Let's start by creating sample data:
create table users (username varchar(20));
create table follows (follower varchar(20), followee varchar(20));
insert into users values
('governor')
, ('mayor')
, ('senator')
, ('journalist_1')
, ('journalist_2')
, ('journalist_3')
, ('g')
, ('h')
, ('i')
, ('j')
, ('k')
, ('l')
, ('m')
, ('n')
, ('o')
, ('p')
, ('q')
, ('r')
, ('s')
, ('t')
, ('u')
, ('v')
, ('w')
, ('x')
, ('y')
, ('z');
insert into follows values
('z', 'governor')
, ('y', 'governor')
, ('x', 'governor')
, ('w', 'governor')
, ('v', 'governor')
, ('journalist_1', 'governor')
, ('journalist_2', 'governor')
, ('u', 'mayor')
, ('t', 'mayor')
, ('s', 'mayor')
, ('r', 'mayor')
, ('q', 'mayor')
, ('journalist_1', 'mayor')
, ('journalist_2', 'mayor')
, ('journalist_3', 'mayor')
, ('p', 'senator')
, ('o', 'senator')
, ('n', 'senator')
, ('m', 'senator')
, ('l', 'senator')
, ('journalist_2', 'senator')
, ('journalist_3', 'senator');
Next create a PROPERTY GRAPH to represet the Following relationship in this Social Graph
CREATE OR REPLACE PROPERTY GRAPH social_network
VERTEX TABLES (
users KEY (username) PROPERTIES ARE ALL COLUMNS
)
EDGE TABLES (
follows
key (follower, followee)
SOURCE KEY (follower) REFERENCES users(username)
DESTINATION KEY(followee) REFERENCES users(username)
PROPERTIES ARE ALL COLUMNS
);
We can query this PROPERTY GRAPH using the following SQL/PGQ
SELECT distinct
follower
, followee
, v1
, v2
, e1
FROM GRAPH_TABLE (
social_network
MATCH (follower IS users) - [e is follows] -> (followee is users)
COLUMNS (
follower.username as follower
, followee.username as followee
, vertex_id(follower) as v1
, vertex_id(followee) as v2
, edge_id(e) as e1
)
);
Next we will run the HITS algorithm on this PROPERTY GRAPH
%python-pgx
graph = session.read_graph_by_name("SOCIAL_NETWORK", "pg_sql")

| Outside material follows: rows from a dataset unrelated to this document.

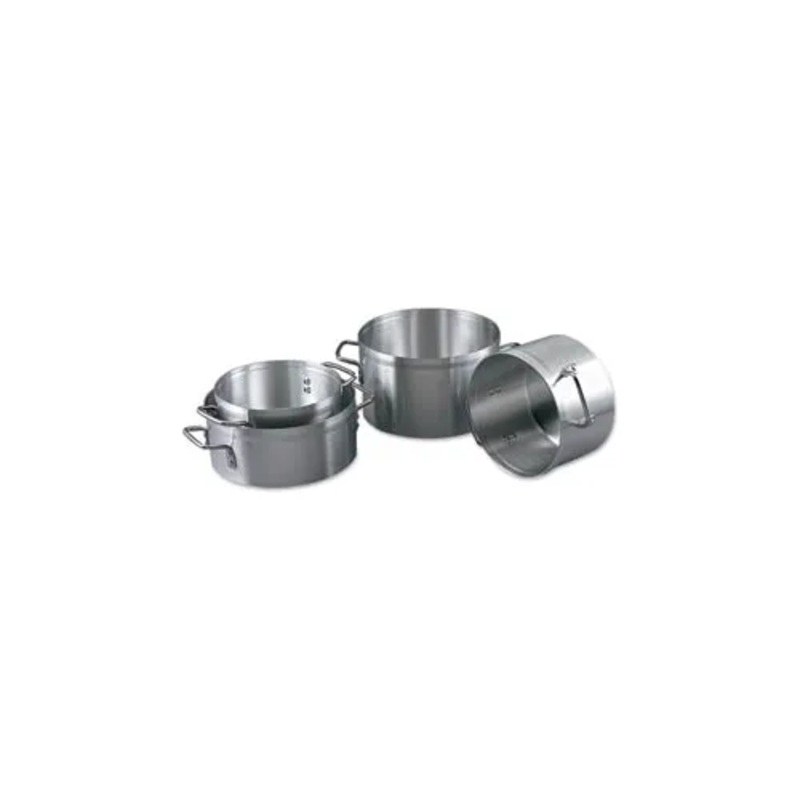 Dent resistant aluminum up to 1/4″ wide these heavy duty pots have the strength and durability. Aircraft alloy rivets attach handles.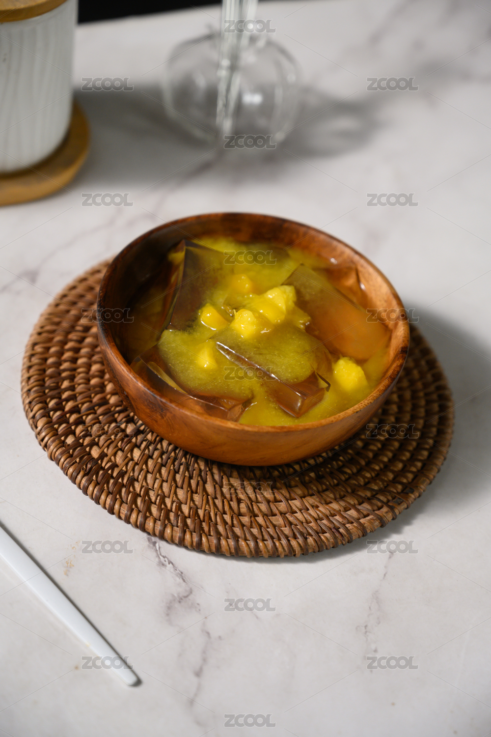 桌面上的碗里的美味可口的芒果凉粉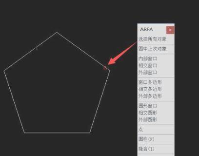 将弹出如图所示的“弹出式菜单”,从中选择“所选择的对象”项,并选中相应的图形,即可在命令提示符界面计算出当前图形面积。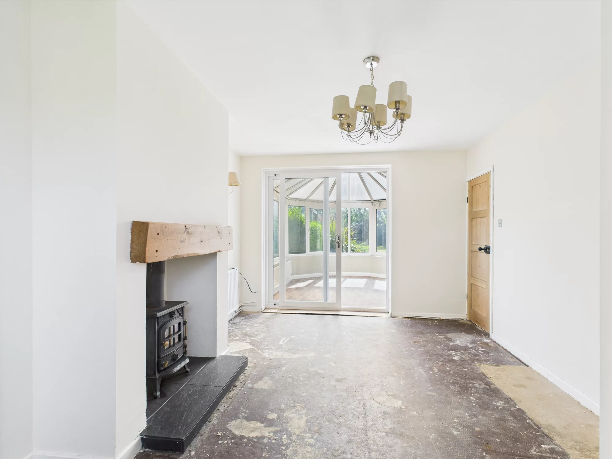 The property has been recently refreshed throughout, providing a clean and modern blank canvas for any discerning purchaser to make their own. It features a welcoming lounge complete with a cosy log-burning stove, creating the perfect setting for relaxing evenings. A spacious conservatory overlooks the rear garden, while the modern dining kitchen boasts sleek white high-gloss units and integrated appliances — ideal for everyday living and entertaining.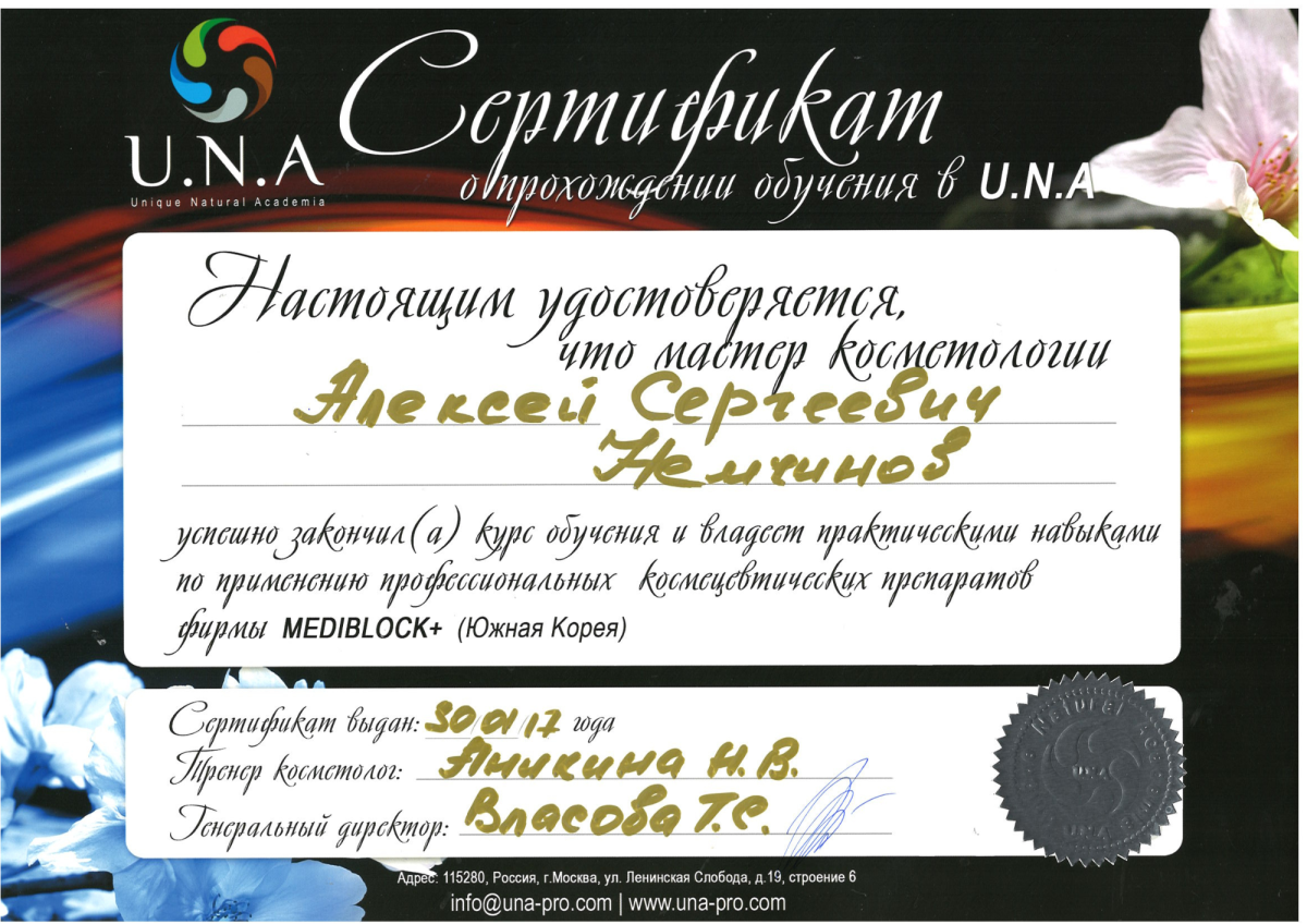 2017 г. Курс «Применение профессиональных космоцевтических пропаратов фирмы MEDIBLOCK+ (Южная Корея)»

hits = analyst.hits(graph, auth='authorities', hubs='hubs')
result_set = graph.query_pgql(
"SELECT x.USERNAME, x.authorities, x.hubs "

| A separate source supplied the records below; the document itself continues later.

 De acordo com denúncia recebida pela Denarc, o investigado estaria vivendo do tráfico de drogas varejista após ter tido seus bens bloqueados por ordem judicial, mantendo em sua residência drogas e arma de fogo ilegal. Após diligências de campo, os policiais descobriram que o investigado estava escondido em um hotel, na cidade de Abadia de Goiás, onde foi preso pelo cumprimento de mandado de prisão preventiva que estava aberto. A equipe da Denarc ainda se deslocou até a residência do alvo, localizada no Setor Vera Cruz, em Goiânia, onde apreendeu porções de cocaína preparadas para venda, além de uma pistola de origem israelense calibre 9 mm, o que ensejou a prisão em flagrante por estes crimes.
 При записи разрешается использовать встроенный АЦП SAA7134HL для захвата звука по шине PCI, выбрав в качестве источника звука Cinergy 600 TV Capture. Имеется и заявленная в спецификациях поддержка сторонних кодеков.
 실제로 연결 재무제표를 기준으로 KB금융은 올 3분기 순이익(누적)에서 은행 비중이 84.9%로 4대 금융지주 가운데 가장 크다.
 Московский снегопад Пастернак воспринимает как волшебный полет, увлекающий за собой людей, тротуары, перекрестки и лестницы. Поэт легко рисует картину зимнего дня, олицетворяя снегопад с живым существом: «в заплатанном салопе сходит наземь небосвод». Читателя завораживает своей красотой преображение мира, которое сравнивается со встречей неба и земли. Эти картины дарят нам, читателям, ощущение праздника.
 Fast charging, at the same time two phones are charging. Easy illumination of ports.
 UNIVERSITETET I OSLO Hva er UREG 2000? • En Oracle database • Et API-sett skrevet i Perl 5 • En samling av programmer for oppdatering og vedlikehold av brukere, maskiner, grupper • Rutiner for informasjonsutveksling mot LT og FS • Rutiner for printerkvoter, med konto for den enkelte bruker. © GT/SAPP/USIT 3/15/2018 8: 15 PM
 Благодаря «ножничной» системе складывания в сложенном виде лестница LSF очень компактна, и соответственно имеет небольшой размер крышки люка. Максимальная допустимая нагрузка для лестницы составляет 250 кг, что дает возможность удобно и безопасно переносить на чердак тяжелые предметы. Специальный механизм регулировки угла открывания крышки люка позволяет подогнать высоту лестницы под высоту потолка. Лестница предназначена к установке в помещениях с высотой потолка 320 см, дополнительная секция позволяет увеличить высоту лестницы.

"MATCH (x) ORDER BY x.authorities DESC, x.hubs DESC")
result_set.print()
+---------------------------------------------------------+
| x.USERNAME | x.authorities | x.hubs |
+---------------------------------------------------------+
| mayor | 0.7071067811865475 | 0.0 |
| senator | 0.5000000000000001 | 0.0 |
| governor | 0.5000000000000001 | 0.0 |
| journalist_2 | 0.0 | 0.5187737569752051 |
| journalist_1 | 0.0 | 0.3668284414587895 |
| journalist_3 | 0.0 | 0.3668284414587895 |
| u | 0.0 | 0.21488312594237396 |
| t | 0.0 | 0.21488312594237396 |
| s | 0.0 | 0.21488312594237396 |
| r | 0.0 | 0.21488312594237396 |
| q | 0.0 | 0.21488312594237396 |
| l | 0.0 | 0.1519453155164156 |
| m | 0.0 | 0.1519453155164156 |
| n | 0.0 | 0.1519453155164156 |
| o | 0.0 | 0.1519453155164156 |
| p | 0.0 | 0.1519453155164156 |
| v | 0.0 | 0.1519453155164156 |
| w | 0.0 | 0.1519453155164156 |
| x | 0.0 | 0.1519453155164156 |
| y | 0.0 | 0.1519453155164156 |
| z | 0.0 | 0.1519453155164156 |
| k | 0.0 | 0.0 |
| j | 0.0 | 0.0 |
| i | 0.0 | 0.0 |
| h | 0.0 | 0.0 |
| g | 0.0 | 0.0 |
+---------------------------------------------------------+
Note: Nodes with no in-links are assigned an authority weight of 0, while nodes with no out-links are assigned a hub weight of 0. State Officials get Authority Rankings because many Hubs point to them. Where Journalist get high Hub Ranking as they point to many Hubs.